Если трудно говорить о специальных приемах оперативной техники при многообразии хирургических вмешательств, то совершенно определенное впечатление оставляла работа обоих братьев у операционного стола во всей своей совокупности. Это — поразительное спокойствие, размеренность всех движении, полное отсутствие торопливости. Такой стиль братья строго воспитали в самих себе и внедрили в работу всех своих хирургов. Не горячка и штурмовщина, а продуманный, спокойный труд с хорошо рассчитанным временем и предусмотренными любыми случайностями — вот что обеспечивало громадную продуктивность их работы. Это позволяло каждому из них за рабочее утро, т.е. с восьми до половины первого, спокойно и блестяще выполнить по пять-шесть больших операций. Разумеется, все больные спят, как нужно, или анестезированы безукоризненно; по две пары ассистентов не только приколят белье, но вовремя сделают лапаротомию; инструментарий в исправности и сестры решительно все приготовили.

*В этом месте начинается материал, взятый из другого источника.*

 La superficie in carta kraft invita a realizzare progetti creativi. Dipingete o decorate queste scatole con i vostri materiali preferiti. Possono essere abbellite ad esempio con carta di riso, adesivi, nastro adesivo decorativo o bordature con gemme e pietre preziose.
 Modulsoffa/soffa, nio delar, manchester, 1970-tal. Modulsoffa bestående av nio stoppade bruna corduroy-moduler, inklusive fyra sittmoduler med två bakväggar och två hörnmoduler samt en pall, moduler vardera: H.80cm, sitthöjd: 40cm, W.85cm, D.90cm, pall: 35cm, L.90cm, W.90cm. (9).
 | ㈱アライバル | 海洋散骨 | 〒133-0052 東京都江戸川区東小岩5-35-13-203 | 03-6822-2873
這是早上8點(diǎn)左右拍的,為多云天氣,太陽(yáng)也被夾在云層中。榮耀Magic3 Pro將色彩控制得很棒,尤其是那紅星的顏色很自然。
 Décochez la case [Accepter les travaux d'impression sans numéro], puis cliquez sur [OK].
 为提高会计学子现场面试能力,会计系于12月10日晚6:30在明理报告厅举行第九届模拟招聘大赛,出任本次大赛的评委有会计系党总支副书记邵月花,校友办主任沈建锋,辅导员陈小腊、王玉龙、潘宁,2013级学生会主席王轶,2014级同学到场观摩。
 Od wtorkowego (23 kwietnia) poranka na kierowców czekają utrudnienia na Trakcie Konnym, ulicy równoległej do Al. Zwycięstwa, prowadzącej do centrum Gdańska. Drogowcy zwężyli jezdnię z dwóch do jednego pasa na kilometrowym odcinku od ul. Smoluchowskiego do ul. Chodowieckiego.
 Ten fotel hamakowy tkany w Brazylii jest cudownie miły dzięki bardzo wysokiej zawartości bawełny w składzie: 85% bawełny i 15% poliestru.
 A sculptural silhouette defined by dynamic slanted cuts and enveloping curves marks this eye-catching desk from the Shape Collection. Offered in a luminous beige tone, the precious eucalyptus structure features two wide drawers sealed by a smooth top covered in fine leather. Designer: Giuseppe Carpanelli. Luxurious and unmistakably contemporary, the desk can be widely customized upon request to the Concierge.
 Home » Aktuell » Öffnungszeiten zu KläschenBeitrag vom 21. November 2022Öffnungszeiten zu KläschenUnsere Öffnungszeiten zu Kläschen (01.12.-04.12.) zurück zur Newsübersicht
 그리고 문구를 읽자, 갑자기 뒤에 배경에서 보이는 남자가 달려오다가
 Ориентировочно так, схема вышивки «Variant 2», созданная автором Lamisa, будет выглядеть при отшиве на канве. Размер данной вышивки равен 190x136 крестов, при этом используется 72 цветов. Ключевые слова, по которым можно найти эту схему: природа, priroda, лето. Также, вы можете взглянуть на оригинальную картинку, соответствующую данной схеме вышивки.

Каждый из братьев, как и все 11 главных хирургов, работают в спаренных операционных: пока оперируют в одной, в другой убирают, все подготавливают для следующей операции и начинают ее, сообразуясь с тем, сколько минут еще будет занят на текущей операции шеф в соседней операционной. Ни шума, ни окликов персонала, ни звонков, ибо вся сигнализация световая, ни тем более криков или стонов больных. Бесшумно ввезут каталку, бесшумно войдут вызванные художники или фотографы. А если просыпающийся больной застонет в коридоре по пути к лифту, то его заглушат предусмотрительно повешенные в клетках канарейки. Данные о больном докладывают ассистенты; их дополняют рентгенологи или урологи. Сами братья почти всегда поясняют ход операции или более подробно говорят о ней по окончании главных ее этапов. Ассистенты завершают завершают хирургическое вмешательство уже одни.

Эти лекции так же нельзя забыть, как картины Рембрандта и Веласкеса, как скульптуру Микеланджело или музыку Бетховена. В каждой короткой фразе было столько содержания, столько проверенных наблюдении и глубоких мыслей! Каждый хирург знает, что и в наиболее законченных главах нашей специальности существует много спорных вопросов, сомнительных доктрин, поводов для колебаний. Чем старше становишься и чем глубже вникаешь во многие «проклятью» вопросы своей профессии, тем чаще и мучительнее тревожат такие сомнения. Иногда запас собственных наблюдений и опыта оказывается использованным, а исчерпывающего ответа не находишь и в новейших специальных монографиях. Тогда душа инстинктивно тянется за помощью к тем, кто безусловно опыт- нее, более авторитетен, даже просто умнее...

И дело не в том, что я сам ехал к великим бра- тьям как к источнику света для темных участков наших знаний. Братья Мейо, конечно, прекрасно знали, какие вопросы мучат те десятки и сотни врачей, которые ежедневно приезжа- ли к ним в операционные. Как ответить на такие коварные вопросы, какие найдутся для любого случая операции? Они лучше кого-либо знали, в чем состоят сомнения, но сознавали и всю трудность их решения. Как сделать, чтобы в кратких комментариях к операции эти вопросы и не обойти молчанием, и не ввести слушателей в возможные заблуждения?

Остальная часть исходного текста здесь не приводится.